# Norseman 447



## TSOJOURNER (Dec 16, 1999)

I am in the market for a boat. The Norseman 447 is a strong candidate. I''d appreciate any comments on the boat. I have been reading conflicting opinions. My concerns is that it''s under-powered and a cutter (need to horse the forsail around in midstay).

Sam


----------



## TSOJOURNER (Dec 16, 1999)

About the headsail around the cutter stay: The cutter stay can be pulled back to the mast when not in use, but also, it''s not that difficult to bring the sail around. We have a 135% genoa on ours, and have no problem bringing the sail through the "slot".


----------



## TSOJOURNER (Dec 16, 1999)

Thanks for the advice. I am planning on going on a sea trial to test that boat. I hope I will have a chance to tack and test that rig.

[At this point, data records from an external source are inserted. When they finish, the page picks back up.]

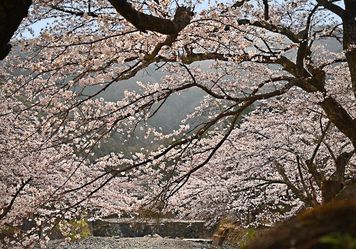 京都駅から快速電車で約20分のところにある亀岡市。毎年春になると、七谷川周辺で約1kmにわたり30品種・約1,500本の桜が咲き誇ります。「和らぎの道」や「南郷公園」、「亀岡運動公園」犬飼川沿いなど、市内全域が華やかなピンク色に染まる姿は圧巻です!
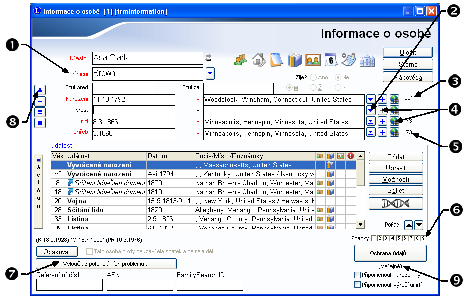 Toto číslo ukazuje, před kolika lety se osoba narodila. Zobrazení tohoto čísla můžete vypnout a zapnout kliknutím pravým tlačítkem myši na hodnotu.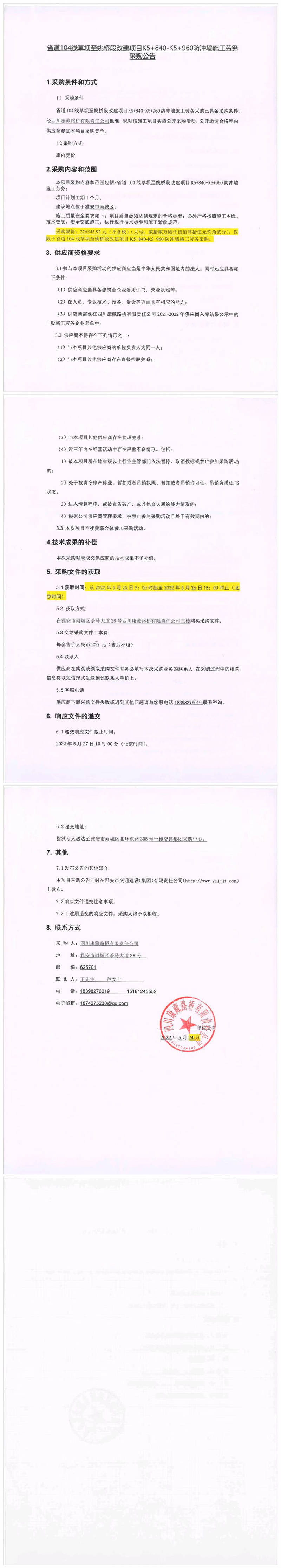 四川康藏路橋有限責(zé)任公司省道104線草壩至姚橋段改建項目K5+840-K5+960防沖墻施工勞務(wù)采購公告

Do you generally sail with both forsails up?


----------



## maurice43 (Sep 25, 2003)

I have seen six of the N-447''s around the USA in 2000. I found that the biggest prob. w/ N-447''s is blisters and poor prep for bottom coating. Every one of the boats had bubbles bad! Otherwise, most of the boats where in fair shape, see as many as you can before you make up your mind to buy. Get a inspection from someone you trust.


----------



## mightyhorton (Dec 3, 2006)

Sam - on another thread here dated maybe in 2004, it looked as though you had set sail in a Norseman 447. I'm looking at one now and wonder if you could take the time to discuss the pros and cons of the boat, sailing, maintenance, design, and living aboard. Thanks. Horton


----------



## camaraderie (May 22, 2002)

mighty...his last post here was over two years ago...don't think you'll get an answer.


----------



## erps (Aug 2, 2006)

We looked at an aft cockpit 447 in 2005. We both loved the boat but it was outside our budget and it was priced low as a fixer upper. We were ready to make an offer on it and found that one had been accepted just hours before our third trip down to take a look at it. My biggest concern was the engine, which was a marinized Peugot diesel. It appeared that it would be hard to find parts for.


----------



## mightyhorton (Dec 3, 2006)

Thanks, Camaraderie. I noticed that he went silent a while after he sailed off, but figured I'd give it shot, anyhow. Nothing ventured, nothing gained, eh?


----------



## EvelynL (Dec 17, 2012)

What was your Findings on the Norseman 447? What state was it in and did you Buy it??


----------